August 22, 2019

How Scorsese's SnorriCam Shot Can Help Sell Your Characters

The SnorriCam is a useful piece of equipment that can get inside your character's head. But what is it? 

What if I told you there was a trick that Hollywood directors use to get into the mental state of their characters. Not a voiceover or anything on the script level, but something your cinematographer can achieve with a little rig. And not only can they do it, but it's a simple enough rig you can build at home. 

It's called a SnorriCam and it creates shots you've seen in movies and TV but maybe didn't know how to do them at home. So today we'll look at the move, the apparatus, and talk about why it works. 

But first -- what the hell is a SnorriCam? And how can you DIY a SnorriCam shot for your movie or TV show? We got you covered.

Check out this thread from Netflix

So....what is the SnorriCam?

A SnorriCam can also be called a chestcam, body mount camera, body cam, or body mount. This device is used by filmmakers and they rig it to the body of an actor. The SnorriCam shot allows the camera to face the actor directly so that when they walk, they do not appear to move, but everything around them does move.

The SnorriCam shot can be jarring, sure. And it does not have much screen time due to the following reasons: 

  • It can be disorienting to the audience
  • It draws attention to the filmmaking and can take you out of the story 

The history of the SnorriCam

Check out this video from Slate that goes over some famous SnorriCam shots and uses over the decades. 

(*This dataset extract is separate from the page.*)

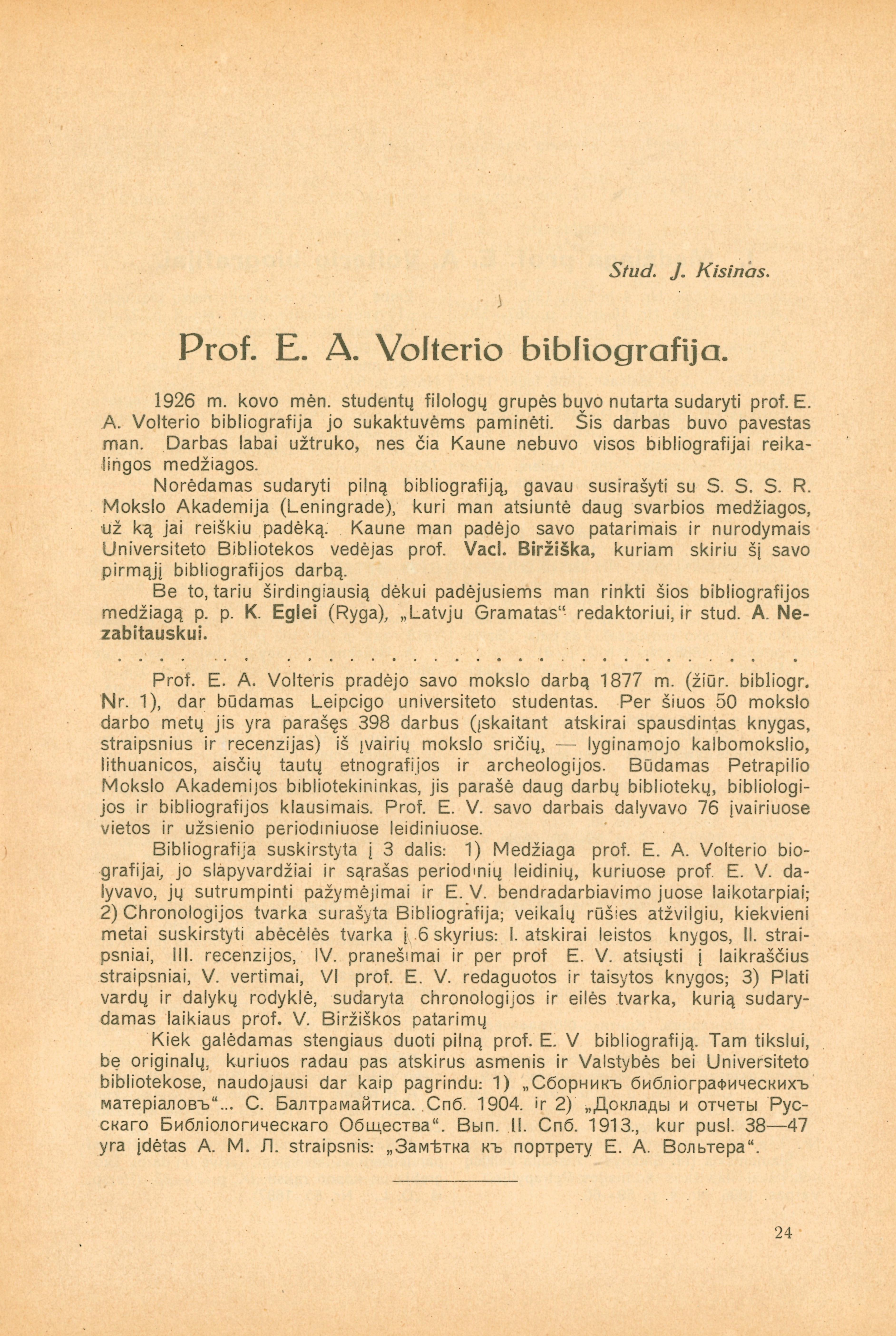 | Antraštė | Prof. E. A. Volterio bibliografija (1928) [lt] |
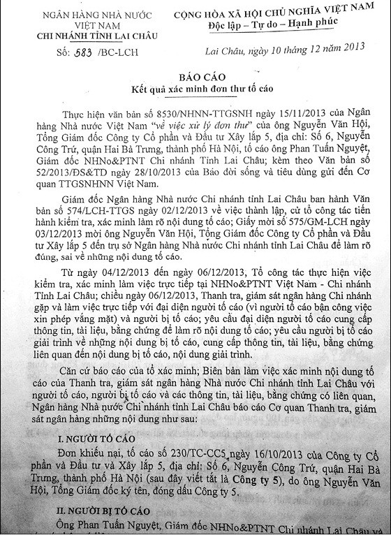 Liên quan đến những nội dung tố cáo của ông Hội, Ngân hàng Nhà nước Việt Nam, chi nhánh tỉnh Lai Châu (Ngân hàng NNVN tỉnh Lai Châu) đã vào cuộc xác minh và có văn bản báo cáo kết quả.

How to make a SnorriCam rig, courtesy of I Love Hate Photo

One of my favorite "how to" websites is I Love Hate Photo. They have practical and cheap ways to make professional equipment and a ton of free advice. When I was researching the SnorriCam, their step-by-step process of how to make one showed up. 

I want to reprint a few photos and the materials here so you can make one at home as well. 

First, head to your nearest home improvement store to buy a bunch of PVC pipes! 

Credit: I love Hate Photo

Then, harness your Lego skills and attach them like so. 

Credit: I love Hate Photo

Finally, you want to paint and pad the PVC pipes so that your actor is comfortable and the kit looks a little more professional. 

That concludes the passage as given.